Мне по душе эта девочка. По душе мысленно рисовать себе, как она сидит в открытой двери последнего вагона Восточного экспресса, а мимо, серебристо поблескивая, скользит Цюрихское озеро. Вероятно, было это в ноябре 1924 года, но в какой день, я точно не знаю. Ей тринадцать лет, высокая, худенькая, еще слегка неуклюжая, с маленькой, но уже глубокой сердитой складочкой на переносице. Правое колено она подтянула к себе, левой ногой болтает в пустоте над лесенкой. Сидит, прислонясь к дверной раме, и покачивается в ритме рельсов, белокурые волосы развеваются на ветру. Чтобы не замерзнуть, она кутается в шерстяной плед, придерживая его на груди. На маршрутной табличке поезда значится «Константинополь – Париж», чуть выше сверкают золотом латунные буквы и фирменный знак с бельгийским королевским львом.
В правой руке у девочки сигарета, она курит их одну за другой, потому что на ветру они сгорают быстро. Там, откуда она держит путь, никого не удивляет, что дети курят. В промежутках между сигаретами она напевает обрывки восточных песен – турецкие колыбельные, ливанские баллады, египетские любовные песни. Она думает стать певицей, как ее мать, только лучше. Никогда она не обратится на сцене к помощи декольте и красивых ног, как мать, и боа из розовых перьев ни за что не наденет, и не появится в сопровождении типов вроде отца, который всегда держит на фортепиано полный стакан бренди, а когда мать показывает чулочную подвязку, подмигнув, отчебучивает глиссандо. Она станет настоящей артисткой. В груди у нее большое и широкое чувство, которому она в один прекрасный день даст выход. Тут у нее нет ни малейших сомнений.
Пока что голосок у нее тонкий, хрипловатый, это ей тоже известно. Она и сама едва слышит его, напевая здесь, на лесенке.
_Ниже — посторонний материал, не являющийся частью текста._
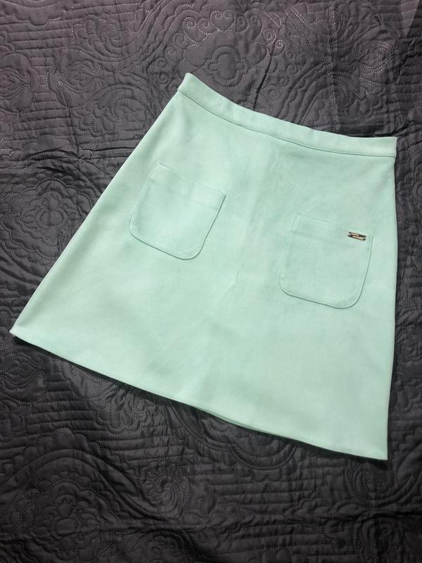 Юбка мятного цвета, пояс-36 см, длина 45 см. Хорошо сядет на Л, состояние идеальное, носила пару раз, материал мягкий и приятный к телу!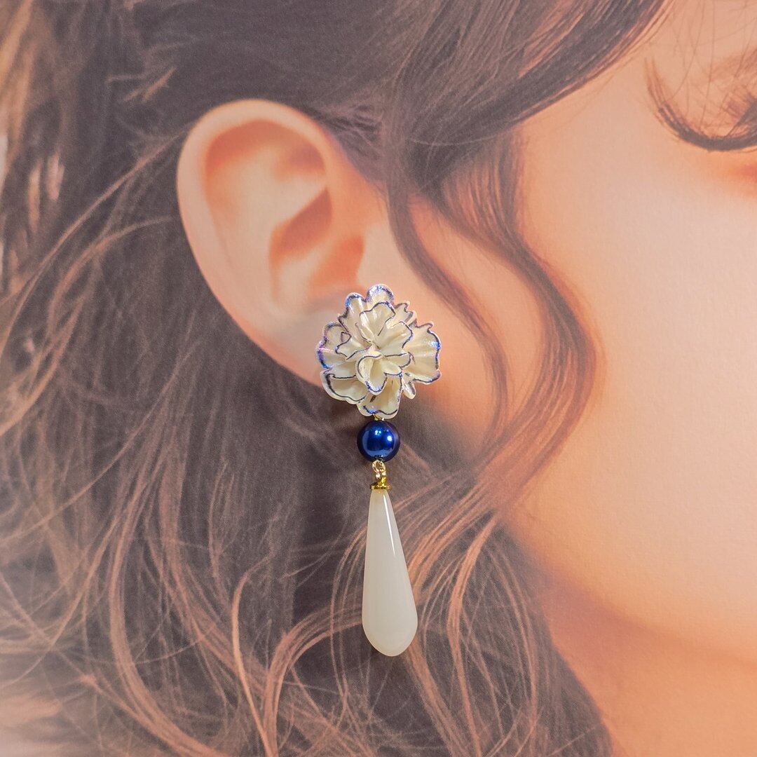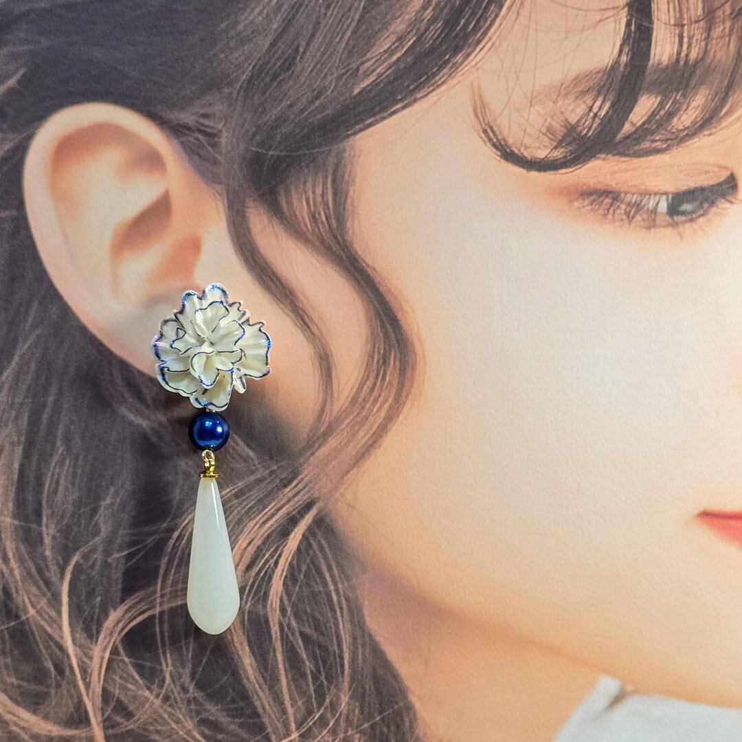 ⟬ 白と青のお花のピアス&イヤリング ⟭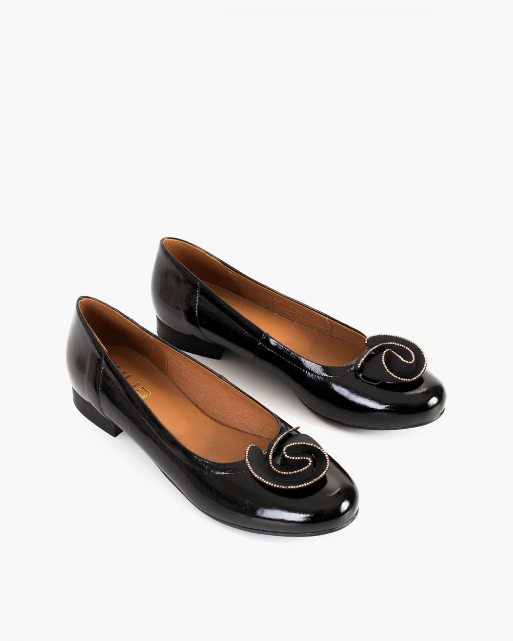 Czarne baleriny lakierowane z różą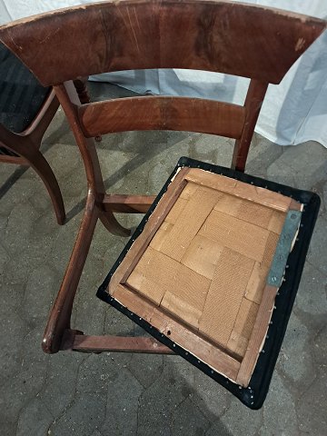 8 Salonstole i massivt bøgetræ og fineret mahogni, fra 1900erne.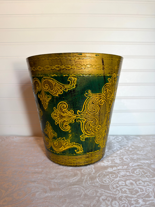 Made In Italy Florentine Green & Gold Wastebasket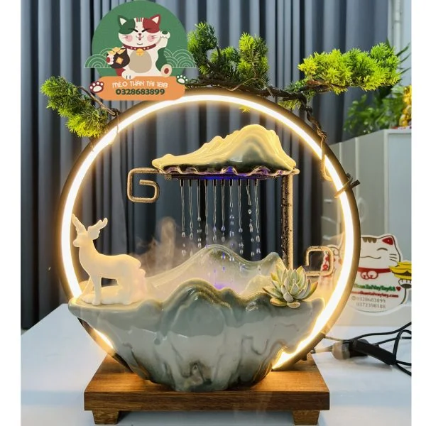 THẦN TÀI Kèm Tiểu Cảnh Thác Nước Hút Tài Lộc, Thịnh Vượng

Ветер срывает мелодии с ее губ и уносит прочь в вихрь за последним вагоном.
Три дня назад в Константинополе она вместе с родителями и четверкой братьев и сестер села в синий вагон второго класса. И с тех пор уже много часов провела у открытой двери. В купе, которое занимает семейство, душно и шумно, а снаружи погода мягкая для такого времени года. За эти три дня, сидя на лесенке, она вдыхала аромат болгарских виноградников, видела зайцев-русаков на скошенных пшеничных полях Воеводины, махала рукой дунайским шкиперам, которые отвечали ей судовыми гудками, видела в предместьях Белграда, Будапешта, Братиславы и Вены дочерна закопченные доходные дома с тускло освещенными окнами кухонь, где склонялись над своими тарелками усталые люди в нижних рубахах.
Когда ветер относил дым паровоза вправо, она сидела в проеме левой двери, а когда ветер менялся, пересаживалась на другую сторону. А если проводник по соображениям безопасности прогонял ее в купе, делала вид, что слушается. Но едва он уходил, опять распахивала дверь и садилась на лесенку.
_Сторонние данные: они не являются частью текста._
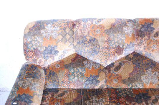Ernest Gomme - E Gomme for G Plan Furniture - Atlantis Range - A retro vintage rare and original Atlantis three seat sofa settee in the original viscose pile fabic having a teak wood show wood frame. Matching 2 armchair also available in lot 1062a. Measures 78 x 196 x 87cm.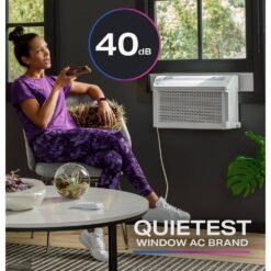 - Ultra-quiet: this quiet air conditioner reaches sounds as low as 40dB, underlining GE profile’s rating as the quietest window AC brand, (based on avg sound ratings by brand of 5000 – 24000 BTU window AC from publicly available info, compared to 74% of the product in the US WAC category per traqline 9/21)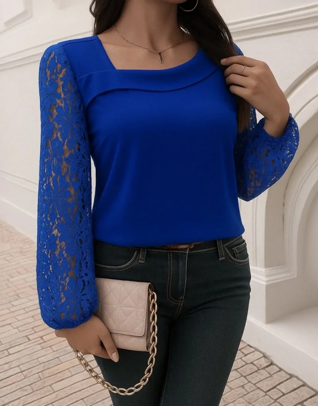 Kadın Uzun Kollu Asimetrik Yakalı Dantelli Ithal Krep Bluz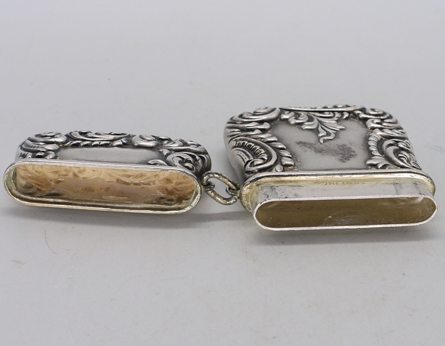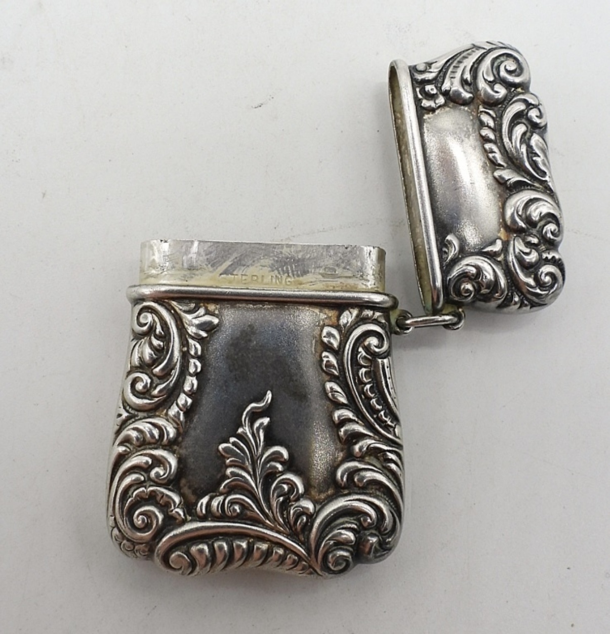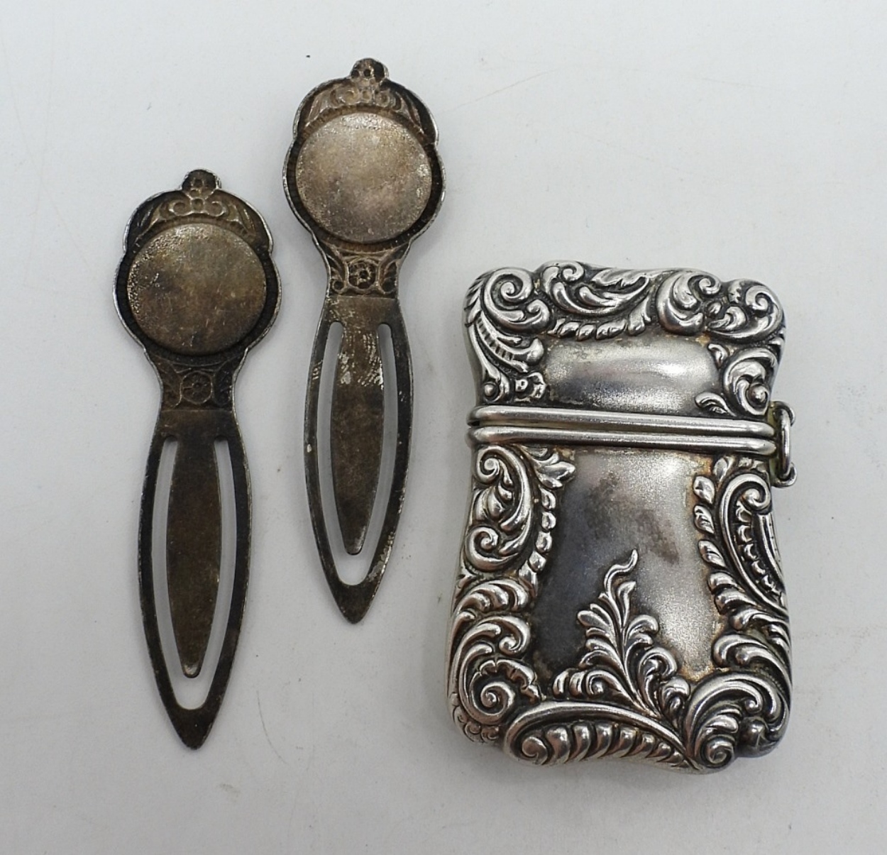 One sterling vintage match case, 2″ long, 1″ wide. Two sterling book marks, 2″ long, 1/2″ wide. (14 dwt)

На третий вечер незадолго до Зальцбурга проводники обошли все купе, объявляя о внеплановом изменении маршрута. Поезд свернет в Инсбрук и через Тироль и Швейцарию обогнет Германию с юга; с той поры как бельгийско-французские войска вошли в Рурскую область, бельгийско-французскому Восточному экспрессу практически перекрыли обычный маршрут через Мюнхен и Штутгарт. Дежурные по станциям Германской железной дороги устанавливали стрелки нарочито неправильно или отказывали паровозам в угле и воде, а на вокзалах полиция приказывала всем пассажирам выйти из вагонов и ночь напролет проверяла паспорта, когда же путешествие наконец могло продолжиться, у выезда со станции нередко стоял на рельсах бесхозный вагон для перевозки скота или платформа с бревнами, и оттащить их на запасный путь никто во всей Германии права не имел, пока законный владелец не даст на то официального письменного согласия. А обеспечение оного в обычном служебном порядке могло очень и очень затянуться.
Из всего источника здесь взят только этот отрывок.